What Is Federated Storage?
The primary bottleneck in storing lots of data in Graphite is disk I/O. Previously the only way to continue scaling Graphite indefinitely was to use a disk array that you could keep adding disks to to make it faster. If you needed to add capacity to the webapp then you had to add servers that could access this data by sharing it somehow. This is not a good solution for a lot of reasons, and this is also where federated storage enters the picture.
With federated storage you can have as many independent Graphite servers as you wish, each with their own independent local storage (still ideally with fast RAID). This allows you to add capacity to Graphite (both the frontend and the backend) by simply adding more servers instead expanding a large shared disk array. Each instance of the webapp has the ability to retrieve data from the other Graphite servers to give the appearance that it is one big system instead of many independent servers.
How does it work?
Each webapp needs to be configured with a list of all the Graphite servers in your cluster. When a user browses the metric hierarchy or renders a graph, the webapp asks the other webapps in the cluster if they have any data relevant to that particular request and consolidates the results for the user. Thus you could have a setup where you store application statistics on one Graphite server and network statistics on another. By visiting either Graphite instance you would be able to see the data from both, as if it was all stored on one server. If one of the servers goes down, then its portion of the data will no longer be visible, but everything else will continue to work and be responsive.

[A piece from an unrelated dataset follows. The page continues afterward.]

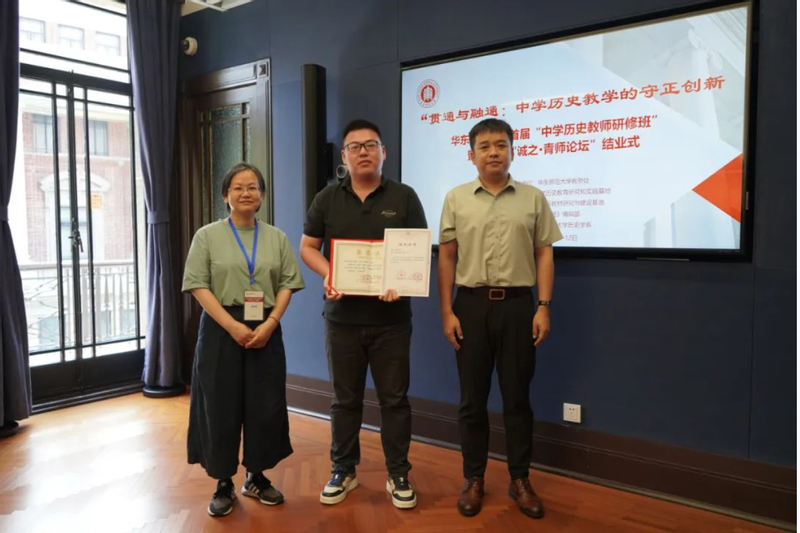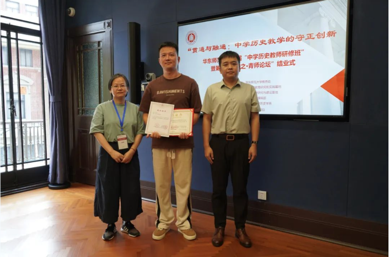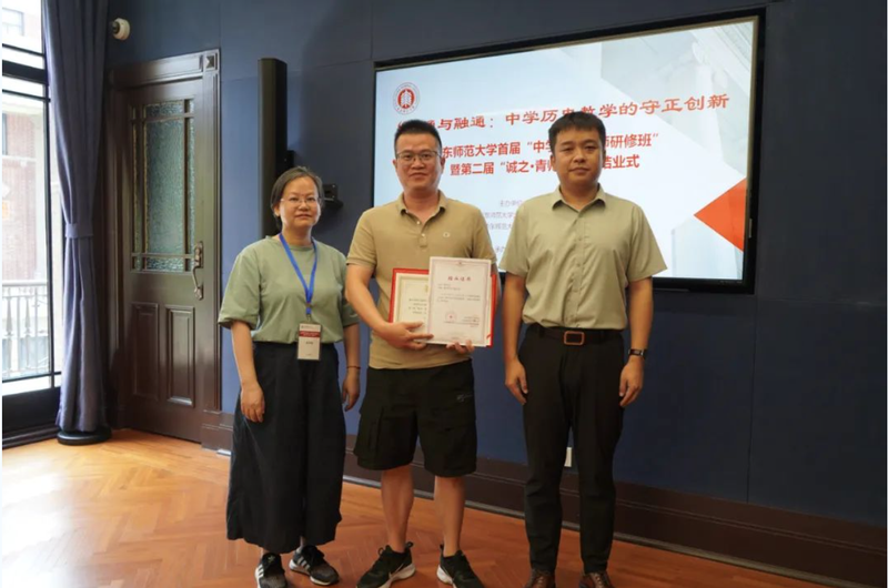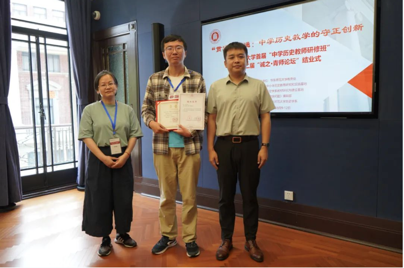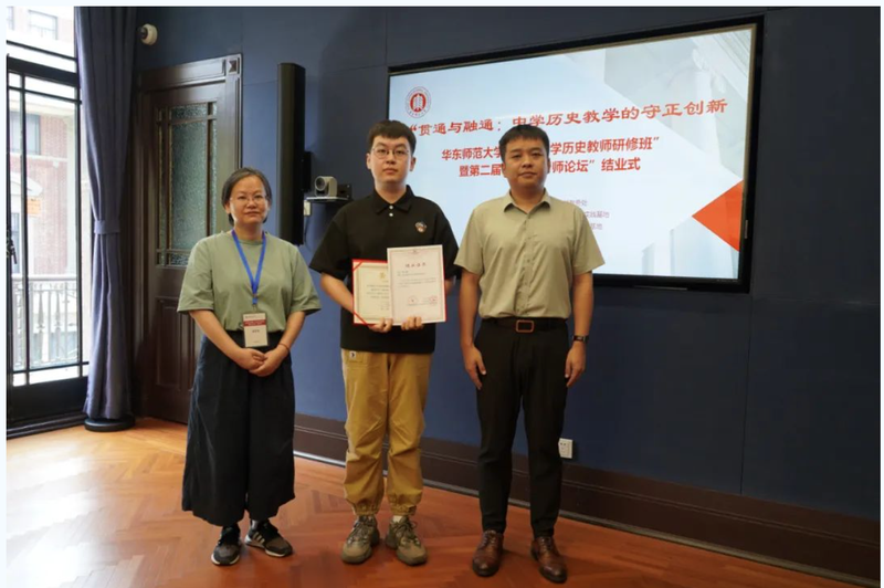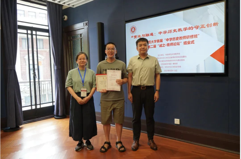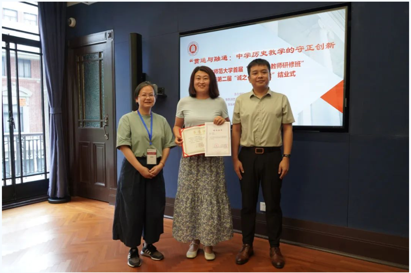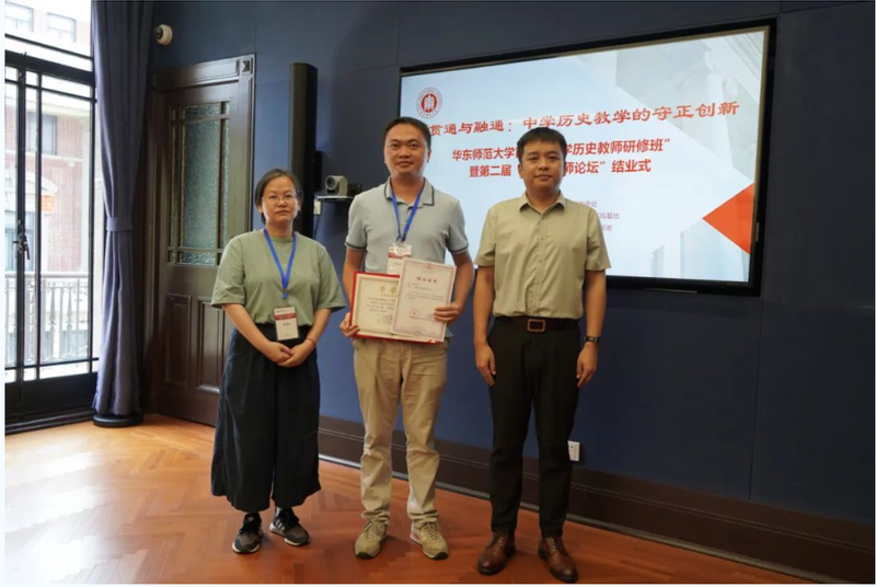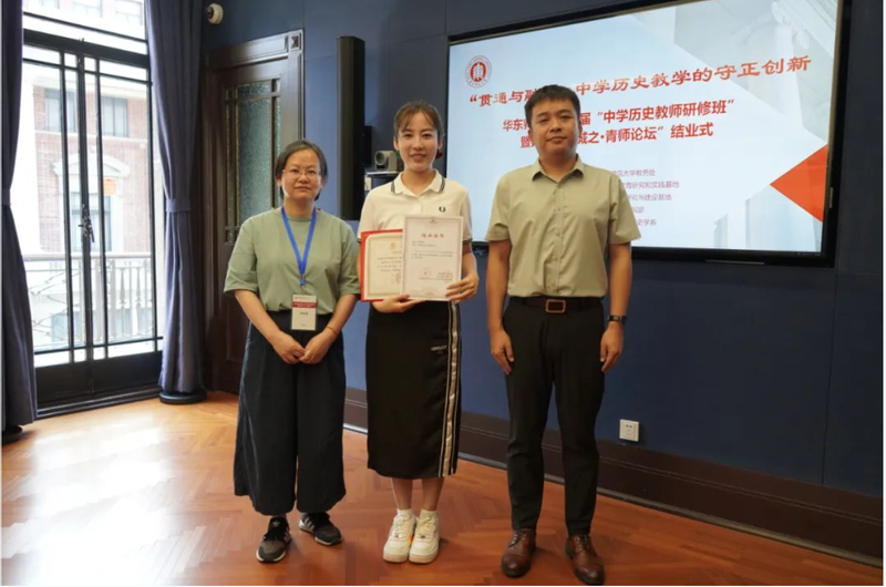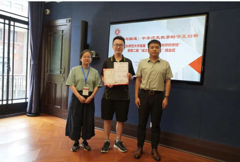 接着,“大中小学历史教育研究与实践基地”的主持人黄爱梅和李晔梦共同颁发了首期研修班结业证书和第二届“诚之·青师论坛”优秀作品荣誉证书。

For the backend the only thing that is different is that you need to decide which server you want to put which data on. This is facilitated by a new process called carbon-relay. This application's role is to receive data sent by clients and to forward the data on to whichever Graphite servers your configuration specifies. It can also duplicate the data to more than one server to ensure high availability. If data is stored on more than one server, it will continue to be available as long as at least one of those servers is still available.
This feature was released in the 0.9.5 release and has been used in a large production environment for about 5 months now.